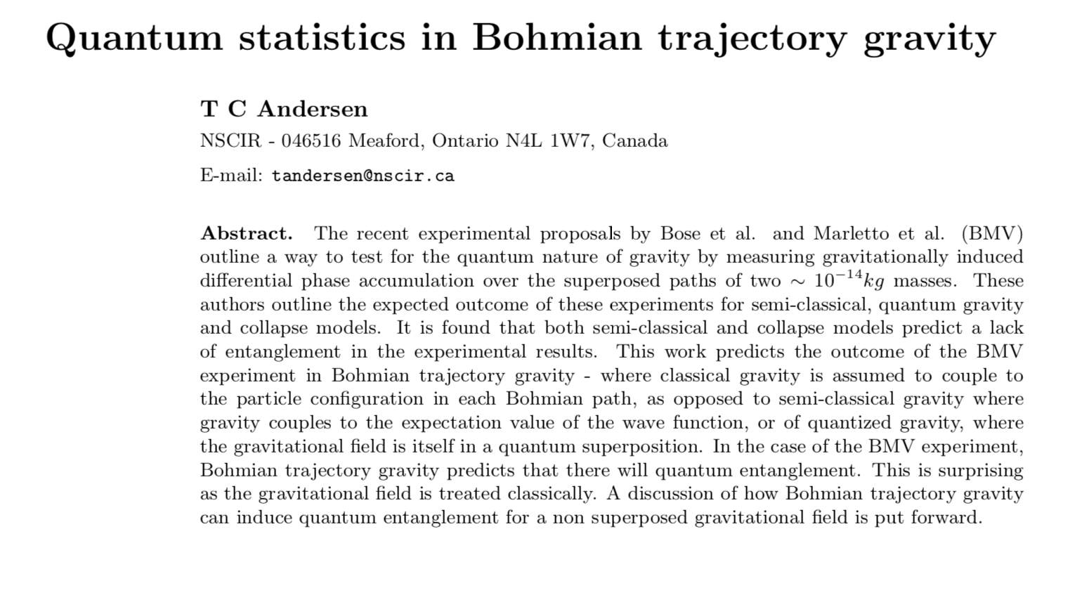 What the paper and poster argue is that in the BMV experiment, observing entanglement is not enough to show that gravity is quantum. I do this by showing that a classical gravitational field coupled to the Bohmian trajectories of the individual particles will show entanglement.
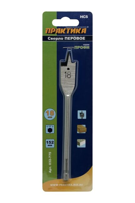 шестигранный хвостовик 1/4" Перовое сверло 18×152 мм для чистого сверления дерева, устойчивая закалка, быстрая работа. Подходит для мягких и твердых пород.
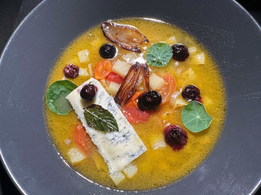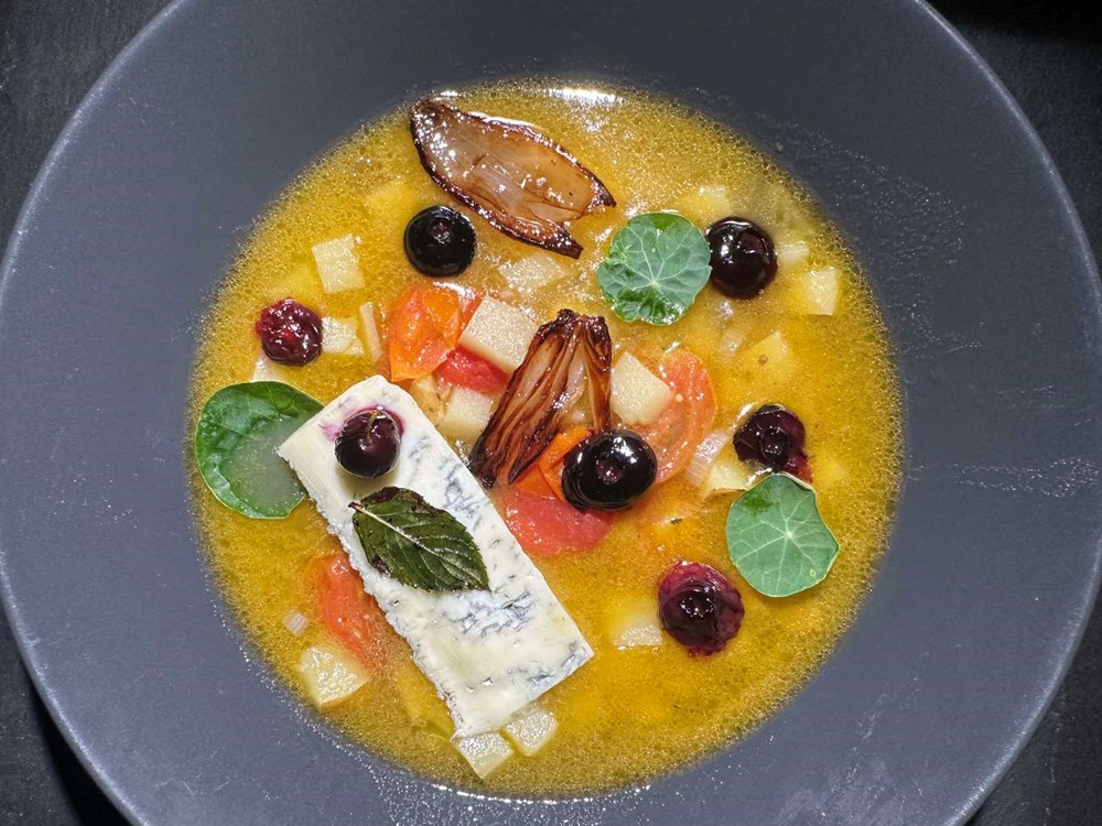 U tanjur velikom žlicom, a može i kacijolom stavimo juhu i komadiće krumpira, ljutike i cherry pomidora koje smo kuhali u tavi. Iz druge manje tave jušnom žlicom ili pincetom dodamo plodove borovnice a uz plodove borovnice sa strane u juhu stavimo i polovicu pržene ljutike. Sa strane u juhu stavimo fetu od cca 4,5 do 5 dkg sira gorgonzole a na gorgonzolu stavimo bobicu borovnice i list pržene mente koju smo pržili zajedno sa borovnicom.
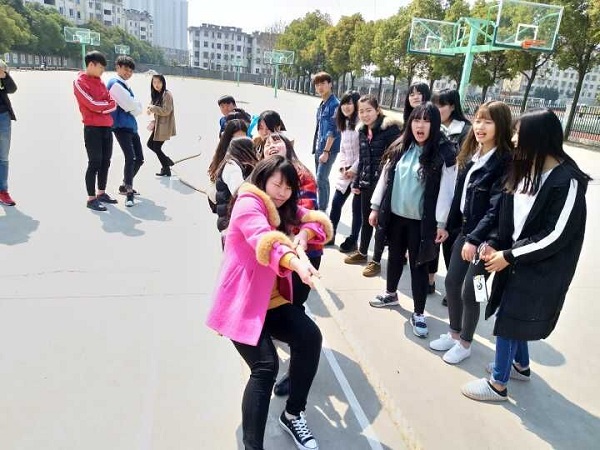 3月7日中午,院学生会体育部在篮球场举办了一场特别的活动——“非常6+1 无忧女生节”拔河比赛。每只参赛队都由六名女生加一名男生组成,据了解,全院绝大多数的女生都参加了这项活动中。他们团结协作,在竞争中体味着合作的快乐。

* * *

Output the full listing verbatim, but drop the images.

- **SOLUTION BELOW**:
 What the paper and poster argue is that in the BMV experiment, observing entanglement is not enough to show that gravity is quantum. I do this by showing that a classical gravitational field coupled to the Bohmian trajectories of the individual particles will show entanglement.
 шестигранный хвостовик 1/4" Перовое сверло 18×152 мм для чистого сверления дерева, устойчивая закалка, быстрая работа. Подходит для мягких и твердых пород.
 U tanjur velikom žlicom, a može i kacijolom stavimo juhu i komadiće krumpira, ljutike i cherry pomidora koje smo kuhali u tavi. Iz druge manje tave jušnom žlicom ili pincetom dodamo plodove borovnice a uz plodove borovnice sa strane u juhu stavimo i polovicu pržene ljutike. Sa strane u juhu stavimo fetu od cca 4,5 do 5 dkg sira gorgonzole a na gorgonzolu stavimo bobicu borovnice i list pržene mente koju smo pržili zajedno sa borovnicom.
 3月7日中午,院学生会体育部在篮球场举办了一场特别的活动——“非常6+1 无忧女生节”拔河比赛。每只参赛队都由六名女生加一名男生组成,据了解,全院绝大多数的女生都参加了这项活动中。他们团结协作,在竞争中体味着合作的快乐。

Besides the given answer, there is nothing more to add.